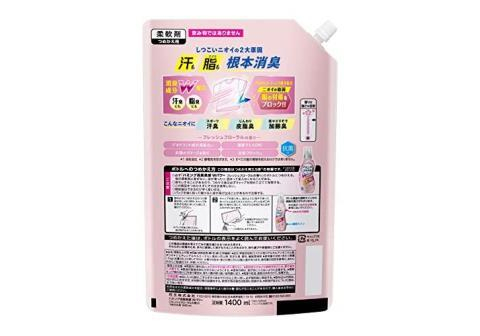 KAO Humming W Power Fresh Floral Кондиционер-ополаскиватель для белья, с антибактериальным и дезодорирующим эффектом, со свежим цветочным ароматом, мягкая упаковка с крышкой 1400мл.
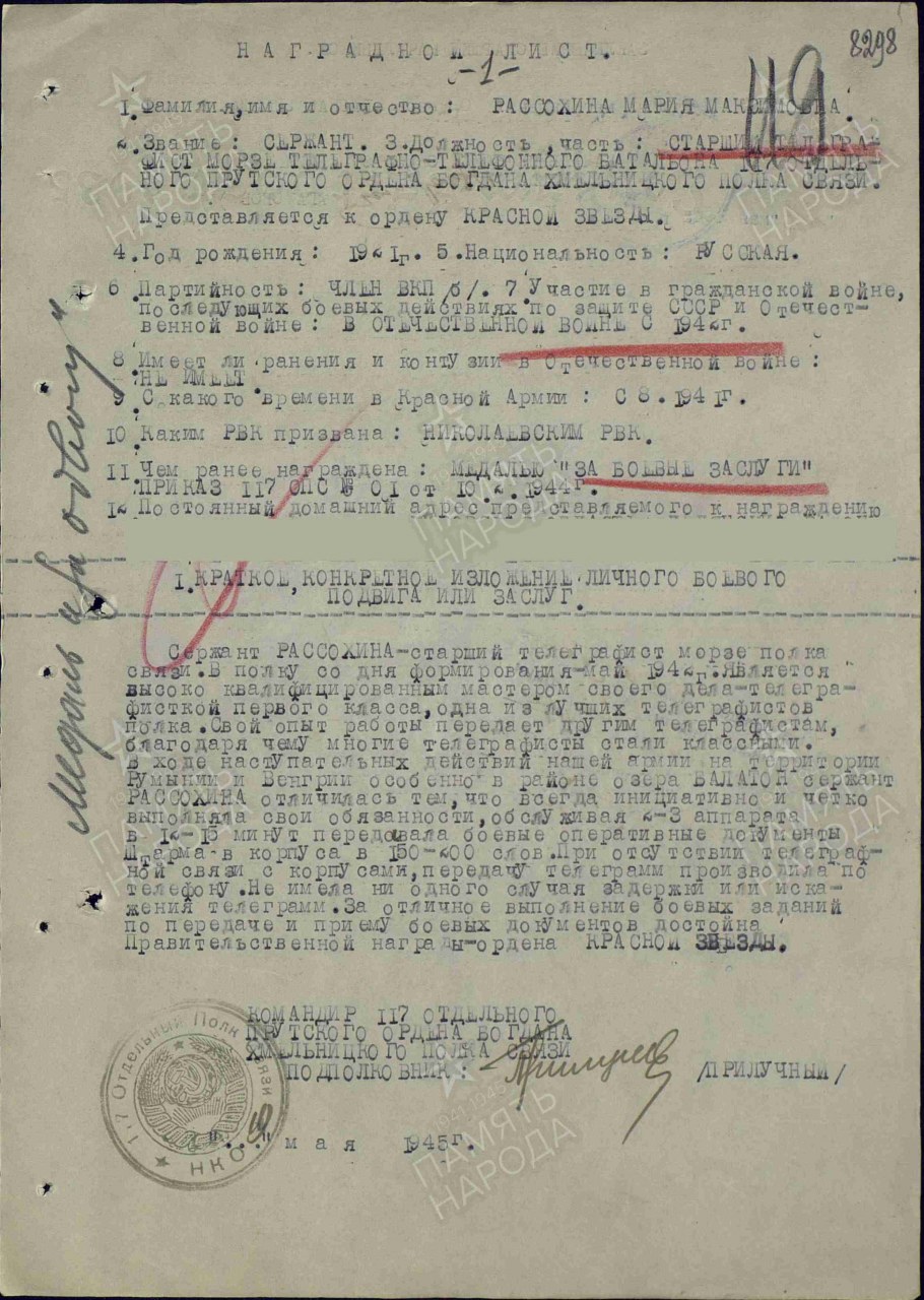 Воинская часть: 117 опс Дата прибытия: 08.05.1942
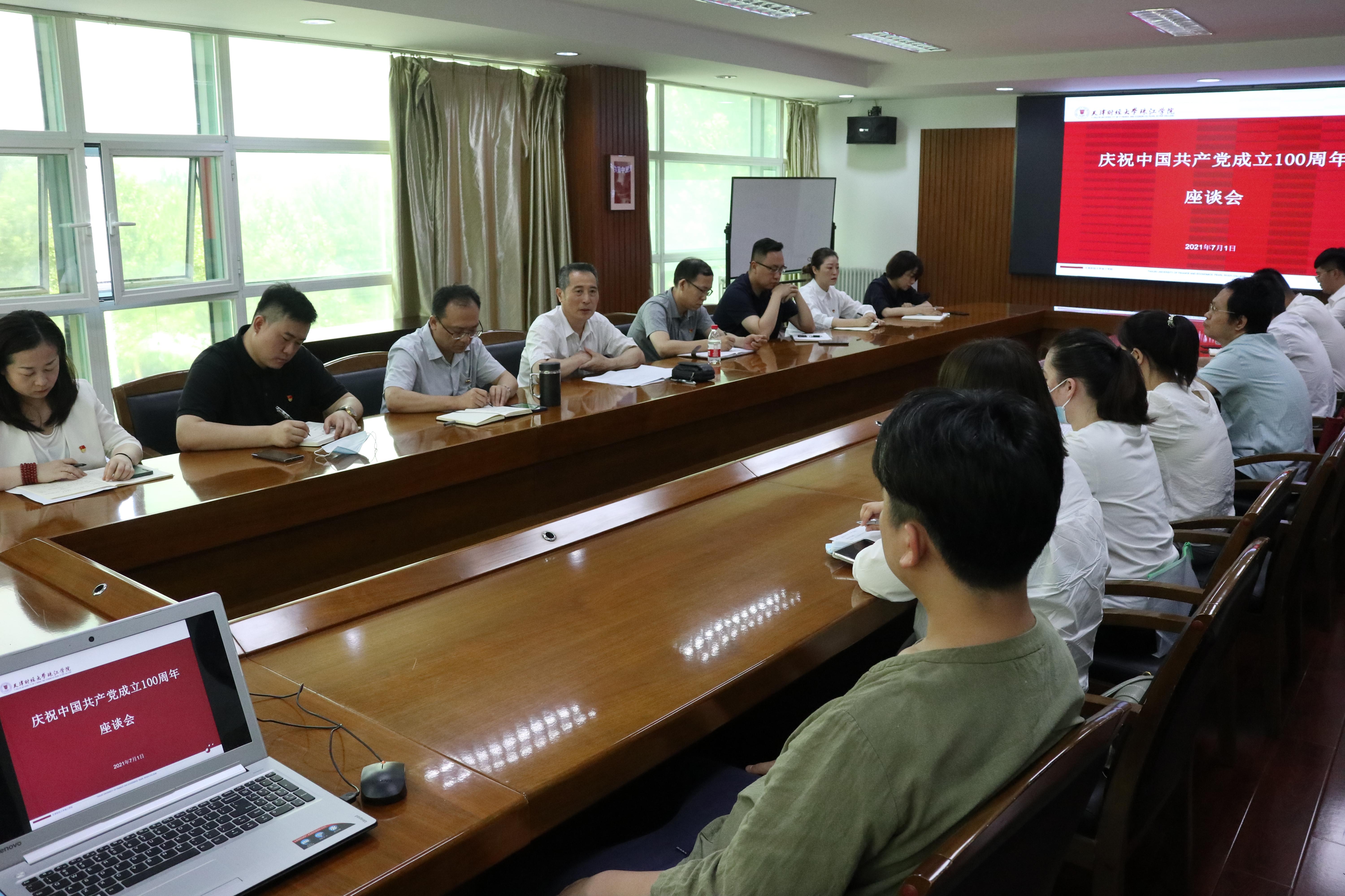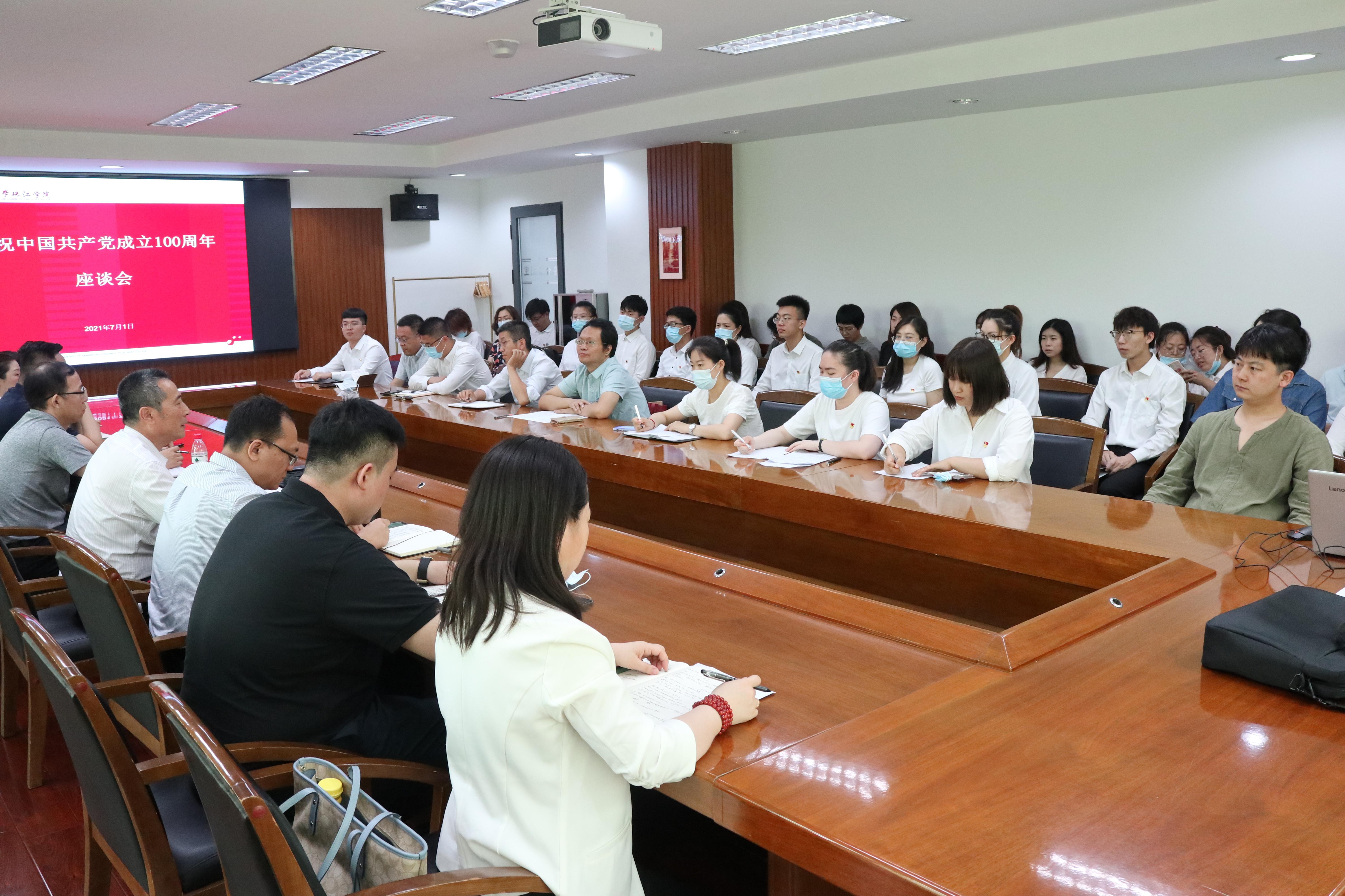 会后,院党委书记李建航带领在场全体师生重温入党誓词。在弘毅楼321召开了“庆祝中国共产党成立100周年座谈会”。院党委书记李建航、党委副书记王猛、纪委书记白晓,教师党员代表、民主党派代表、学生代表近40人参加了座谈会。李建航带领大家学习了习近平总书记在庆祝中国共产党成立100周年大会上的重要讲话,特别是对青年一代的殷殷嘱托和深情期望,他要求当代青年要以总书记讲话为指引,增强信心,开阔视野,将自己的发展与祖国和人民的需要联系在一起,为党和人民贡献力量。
________
◆ Work required ◆
Return all of the material exactly, without pictures.

◆ Answer to the exercise ◆
 KAO Humming W Power Fresh Floral Кондиционер-ополаскиватель для белья, с антибактериальным и дезодорирующим эффектом, со свежим цветочным ароматом, мягкая упаковка с крышкой 1400мл.
 Воинская часть: 117 опс Дата прибытия: 08.05.1942
 会后,院党委书记李建航带领在场全体师生重温入党誓词。在弘毅楼321召开了“庆祝中国共产党成立100周年座谈会”。院党委书记李建航、党委副书记王猛、纪委书记白晓,教师党员代表、民主党派代表、学生代表近40人参加了座谈会。李建航带领大家学习了习近平总书记在庆祝中国共产党成立100周年大会上的重要讲话,特别是对青年一代的殷殷嘱托和深情期望,他要求当代青年要以总书记讲话为指引,增强信心,开阔视野,将自己的发展与祖国和人民的需要联系在一起,为党和人民贡献力量。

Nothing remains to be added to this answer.